Video: Uncut interview with Sossina Haile, Caltech
One of the biggest obstacles to creating a viable solar energy fuel cell involves finding the right catalyst. But what is a catalyst? And what makes the right one right? We spoke with the scientists working on the solar energy fuel cell. Here’s what they told us.
SOSSINA HAILE: A catalyst is something that makes something else happen faster. It [the something else] would like to do it, but it’s sitting there in what we call low-energy state. So, let’s say you’re sitting there in bed and you need to go to school and your mom comes in and tells you get out of bed because you need to go to school. That’s the catalyst in that scenario. This is something that was going to happen anyway, but just needed to be speeded up. So that’s what a catalyst does.
JONAS PETERS: The part that my research group is particularly interested in is making the catalysts that are needed to do two things: one, the catalysts are needed to help strip electrons and protons out of water, and then, as those electrons and protons would flow through a membrane in one direction, we’re going to need catalysts that allow the electrons and protons to recombine. And when they do that, they make hydrogen, and the hydrogen is the fuel that we need.
NATE LEWIS: People have known for a hundred years or more how to take electricity and water and make hydrogen and oxygen. Many people do this in high school chemistry classes. You take a battery, turn on the voltage, and out bubble hydrogen and oxygen. So we know how to take electricity, even from the sun in solar cells, and make chemical fuel. It just costs way too much to use the metals that we need to do that right now, like platinum and rhodium. Very expensive. And we won’t have enough of that to cover all the area needed to capture all the sunlight.
SOSSINA HAILE: We don’t, in principle, require platinum to make the fuel cell work. Now platinum is a precious metal. People know it because they use it for jewelry, but it’s used as a very critical component in most hydrogen fuel cells.
It’s used as a catalyst.

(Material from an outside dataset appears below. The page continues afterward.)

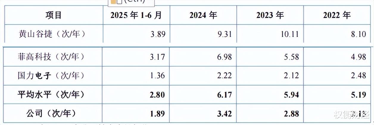 报告期内,公司存货周转率低于同行业可比公司平均水平,主要系低于菲高科技与黄山谷捷,具体原因为:公司包括陶瓷管壳及封装散热基板两类主要业务,材料及产品种类相对较多;同时,公司陶瓷管壳的工序流程亦长于黄山谷捷及菲高科技,综合使得原材料、在产品及半成品等的金额亦相对较高。

If you look at what the Department of Energy targets are for the amount of platinum that would be needed, if you converted all of U.S. automobiles to platinum-based hydrogen fuel cells, you would double U.S. platinum consumption [and] double worldwide platinum consumption within a year. I mean, it would just be incredible.

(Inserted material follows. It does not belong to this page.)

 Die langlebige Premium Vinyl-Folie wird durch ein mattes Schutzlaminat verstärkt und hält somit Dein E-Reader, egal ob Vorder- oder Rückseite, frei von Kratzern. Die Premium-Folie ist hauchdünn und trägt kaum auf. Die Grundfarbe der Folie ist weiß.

You can make projections as to how many years it would take to run out of world platinum supply. And the irony of all of this is that hydrogen is discussed as a way to have energy independence. Turns out that U.S. platinum is 93 percent imported. Eighty percent comes from one mine complex in South Africa. Another 15 percent comes from one mine complex in Russia.
We’ve got to find another catalyst. And the way to do that, the simplest way to do that is to operate the fuel cells at slightly higher temperatures at which everything just works much faster. So kinetics go much faster. So you can get around the need for platinum.

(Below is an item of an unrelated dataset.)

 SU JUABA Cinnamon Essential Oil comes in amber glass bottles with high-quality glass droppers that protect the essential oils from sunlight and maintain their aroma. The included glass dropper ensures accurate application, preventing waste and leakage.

JONAS PETERS: So there are catalysts that can split water and there are catalysts that can make hydrogen. … But we don’t have catalysts that sit right at the thermodynamic potential to drive the reactions without wasting a lot of energy. If you waste a lot of energy in driving these reactions, you’re not storing a lot of energy. And that’s what we want to be able to do. …We don’t currently have catalysts that need what we’ll call the minimal amount of energy to split water and make hydrogen. We have catalysts that require way too much energy. And therefore, they’re not solutions.
So we have to discover new catalysts that sit right at the sweet spot, and nature has actually evolved catalysts over millions and billions of years that do sit right at the sweet spot. And so, the fact is that the proof of principle has already been established, so the question is, can we learn from nature’s catalysts and figure out how to make synthetic catalysts that would be useful for the amount of fuel that humanity needs?
There are all these problems with figuring out what should those catalysts be, so that they work the perfect potential and they also last a very long time. And they have to be made of materials — earth-abundant materials that … shouldn’t be toxic and … have to be widely available.
Nature can do that reaction using iron and there’s a lot more iron on the planet, and so you might want to figure out how to make catalysts of iron because that would be, long term, a much better catalyst source.